This dataframe displays the target measure for each of the objectives. In a perfect world, we'd meet every AFSC objective by hitting these values for each of them.

These are the constraints for each objective for each AFSC. Most are determined automatically based on the "fixed" data. For example, the Combined Quota constraint is determined by the "Min, Max" values in "Random_1 AFSCs.csv". The AFOCD Tier objective constraint ranges come from the "Deg Tiers" columns of "Random_1 AFSCs.csv" as well. Since this is random data, nothing else is constrained to begin with.

Here is where you actually turn different constraints on or off. If there is a 0, the constraint is turned off. A "1" is an "approximate" constraint. This means that the denominator is the PGL target for an AFSC, not the actual number of cadets assigned. If this is confusing, please reference my thesis or my slides that talk about the difference between the Approximate Model and the Exact Model. The "2", therefore, is an "exact" constraint. The only place where we could legitimately use a "1" instead of a "2" is for the AFOCD constraints.

Example: Let's say 14N wants 70% of their cadets to have tier 1 degrees. Let's also say the PGL is 190 and we assign 220 cadets. A "1" constraint is a less restrictive constraint, and would ensure that 133 cadets (190 * 0.70) have "Tier 1" degrees. Alternatively, a "2" constraint ensures the actual proportion gets constrained, so 154 cadets (220 * 0.70) will have "Tier 1" degrees. Sometimes it is really hard to meet the AFOCD for some AFSCs, and so a "1" constraint is necessary to ensure we meet the target based on the PGL, not the actual number of cadets. Most of the time, however, we use "2" as the constraint type.

Once these default value parameters have been imported/initialized for Random_1, they will be imported from "Random_1 VP.csv" in "Model Input".
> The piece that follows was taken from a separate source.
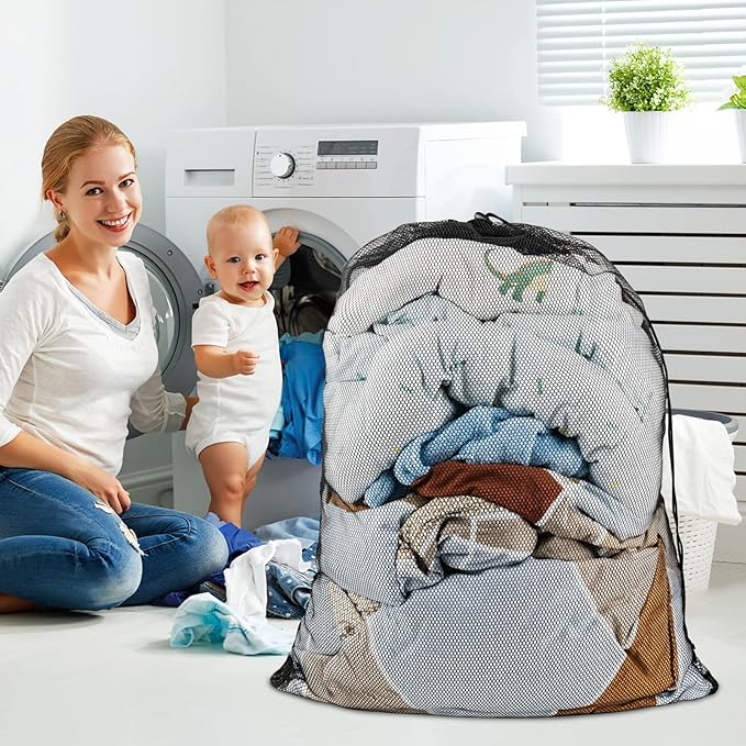 • 【Extra Large Mesh Laundry Bag for Camping and Travel】- Oversized 24" x 36" heavy-duty mesh bag designed to hold large loads of dirty clothes, sleeping bags, blankets, and gear. Perfect for camping trips, dorm rooms, and travel, offering ample space and easy storage.

As you can see, this file structure has a row for every AFSC and objective pair. The dataframes shown previously are flattened into columns and exist here. Again, these are the actual value parameters used for the problem instance, since the "Defaults" could have been more generalized (they aren't here since we exported our randomly generated set as defaults, therefore having it be the same thing as what you're seeing here). For a real class you could simply take the previous years defaults, tweak them a bit if needed, and import those as a starting point for a new class year. The objective targets would be updated to reflect the information of the problem instance you're looking at (the USAFA proportion objective target would be the proportion of the USAFA cadets of the instance you're solving, for example).

The "AFSC Weight" and "Min Value" columns above pertain to the AFSC itself, not the AFSC-objective pair like the others (which is why "AFSC Weight" is all 100s for R1). The three columns to the right pertain to the value functions used for each AFSC and objective which I will discuss in more detail in the following section.

Value Functions¶

Here we have the value functions for each of the AFSC objectives. These definitely require some explaining. I've created my own terminology so that they can be generalized and constructed into actual value functions for each of the objectives. I have an excel file that outlines how these functions are created and what they look like (Value_Function_Builds.xlsx), but I will also detail them here.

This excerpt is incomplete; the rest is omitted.